Fuller reads from new play

Pulitzer Prize-winner Charles Fuller previewed his new work 'Cuba' at a reading last night.

The Daily Pennsylvanian
April 16, 2002

Charles Fuller's 1982 Pulitzer Prize-winning play A Soldier's Play and 1980 Obie-winner The Zooman and the Sign are available to the general public at libraries and bookstores nationwide. But only a select few, including those who attended last night's reading at the Kelly Writers House, have had the rare opportunity to hear his most recent and still incomplete play Cuba.

Over 100 Penn students, faculty and community members sat in on a reservations-only reading by the acclaimed playwright last night at the Writers House as part of the Writers House Fellows series.

Students in the Writers House Fellows program have been intensely studying Fuller's work, and those in the Literature in the Community seminar -- sponsored by the Art Sanctuary's citywide reading project -- have been teaching it to groups in North Philadelphia for the past six weeks.

Fuller's visit to campus marked the culmination of these efforts and the Philadelphia native spent three hours with the two classes yesterday afternoon, engaging in a dialogue about writing and black literature.

"The students are still buzzing from this afternoon's seminar," English Professor and Writers House Faculty Director Al Filreis said last night.

Members of the audience expressed similar excitement over the opportunity to hear Fuller's newest work, which is a combination of a political commentary, a love story, an account of the experiences of blacks in America and, as Fuller described it, "a reflection on what we don't learn from history."

Set in 1898, the play tells of the experiences of black soldiers who will fight in Cuba after the sinking of the U.S.S. Maine battleship.

Audience members said they felt fortunate to hear the play in its unfinished state.

"I feel like we just heard the beginnings and the draft of what's going to be a major piece of theater, incredibly powerful even in its rudimentary form," said Hannah Sassaman, a Writers House resident intern who graduated from the College last year and is currently taking the Writers House Fellows course.

"It's really neat to see something in the early stages," added College sophomore Molly Lazer, who said she is excited to see how the play will change and develop until it reaches its final form.

Incorporated into Fuller's reading were splices of songs that corresponded to the plot of the play.

"It is a play with music -- not a lot of music, but music nonetheless," Fuller said, adding that he hoped this element would attract a wider audience for the play.

Audience members said that this helped them understand the development of the story.

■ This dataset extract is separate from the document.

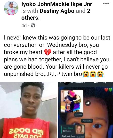Meanwhile, a Facebook user took to the platform to share a screenshot of their last conversation, alongside photos of the deceased.

"I thought it was interesting and necessary to convey parts of the story," Sassaman said, adding that Fuller's use of emotions was more innovative than his utilization of parts of songs.

"I think that he just took concepts of character and narrative and completely reformed them on an emotional rather than rational mount, which is much more honest when you're presenting them to a theater audience," she said.

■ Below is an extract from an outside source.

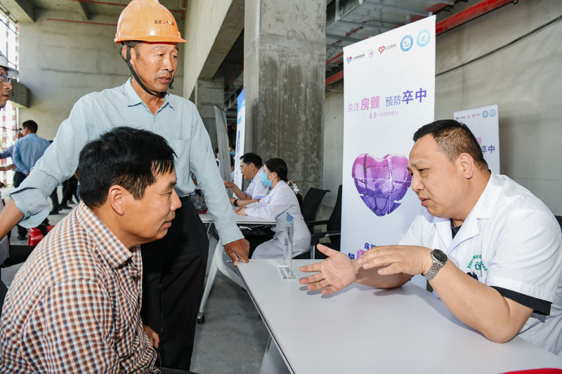 本次活動(dòng),由“城芯同筑”黨群服務(wù)站精心策劃,周密安排。宿遷市第一人民醫(yī)院內(nèi)科黨總支書記、大內(nèi)科副主任、風(fēng)濕免疫科主任臧銀耐心解答現(xiàn)場(chǎng)工友的健康疑問,根據(jù)工友的身體情況給予專業(yè)的醫(yī)療建議及指導(dǎo),得到了現(xiàn)場(chǎng)工友的一致好評(píng)?;顒?dòng)現(xiàn)場(chǎng)以建筑工地常見的意外傷害應(yīng)急處理為主題開展健康知識(shí)講座,生動(dòng)形象的講解處理意外傷害相關(guān)知識(shí)及應(yīng)急救援措施,同時(shí)現(xiàn)場(chǎng)開展全國(guó)“愛眼日”及中國(guó)“房顫日”等宣傳教育活動(dòng)。

Some other audience members said they were glad that Fuller answered questions and spoke on the current state of playwriting in the black community.

"I like what he had to say about the purpose of theater," Lazer said.

Fuller said that his goal is to reach a wide range of people within the community.

"Anything that gets people out of their houses is a good thing," he said. "Our job is to suggest to you what is now, what is coming and what can change the world."

Fuller also said that many contemporary playwrights are not succeeding in attracting large audiences.

"We haven't been able to capture the heart of the community. Many of us bought into the idea that theater was only for a handful of people," he said, adding that theaters are suffering economically as a result.

Despite this, he said it is important to use the art of playwriting to convey a message to the general public.

In Cuba, Fuller writes about some of the ways America exploits its power, and he said during the question-and-answer segment that followed the reading that the moral of his play applies to how America has been acting in recent months.

"It's important to remember that we're a country that has real nasty things going on," Fuller said.

A conversation with Fuller will be held this morning at the Writers House and will be simulcast over the Internet through the Writers House Web site. Fuller will also be speaking at the Church of the Advocate today at 4:30 p.m.